Stored items from a collection:
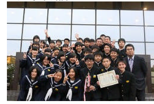
3年 優秀賞 3組
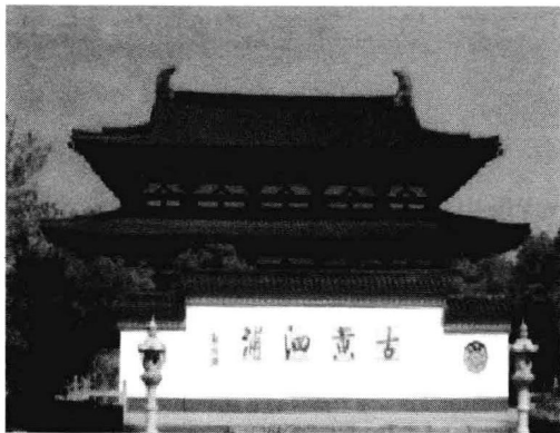
鹿苑镇西的古黄泗浦遗址

大云寺出家，26岁时已是学识渊博、声名远播的律宗大师了。他曾五次尝试东渡日本弘扬佛法，由于海上风浪、触礁、沉船、人员伤亡以及某些地方官员
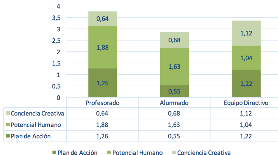
Figura 1. Valoración general del desarrollo educativo del centro
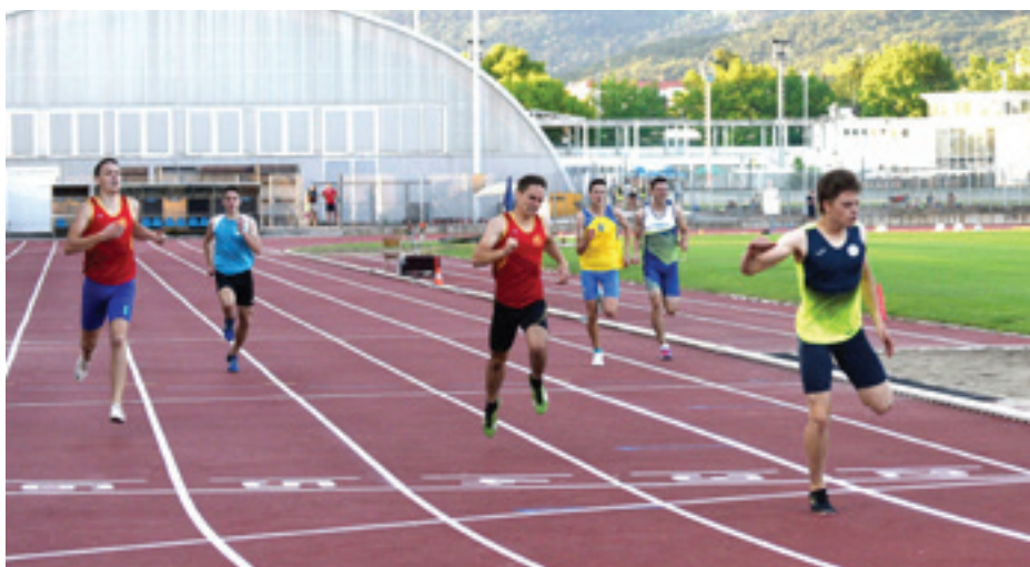
Tek na 400m

Na štartu je prva, za njo druga skupina tekmovalcev. Na vrsti je še
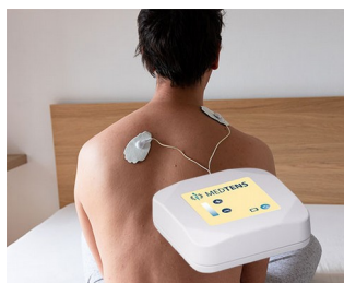
Appareil TENS pour le traitement de la douleur
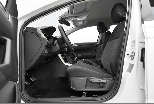
Velbert GOTTFRIED SCHULTZ

Angebotsnummer: 43447 Ausdruck vom: 27.04.2024

◆ Work to be completed ◆
Repeat the data exactly. No pictures should appear.

◆ Answer below ◆
3年 優秀賞 3組
鹿苑镇西的古黄泗浦遗址

大云寺出家，26岁时已是学识渊博、声名远播的律宗大师了。他曾五次尝试东渡日本弘扬佛法，由于海上风浪、触礁、沉船、人员伤亡以及某些地方官员
Figura 1. Valoración general del desarrollo educativo del centro
Tek na 400m

Na štartu je prva, za njo druga skupina tekmovalcev. Na vrsti je še
Appareil TENS pour le traitement de la douleur
Velbert GOTTFRIED SCHULTZ

Angebotsnummer: 43447 Ausdruck vom: 27.04.2024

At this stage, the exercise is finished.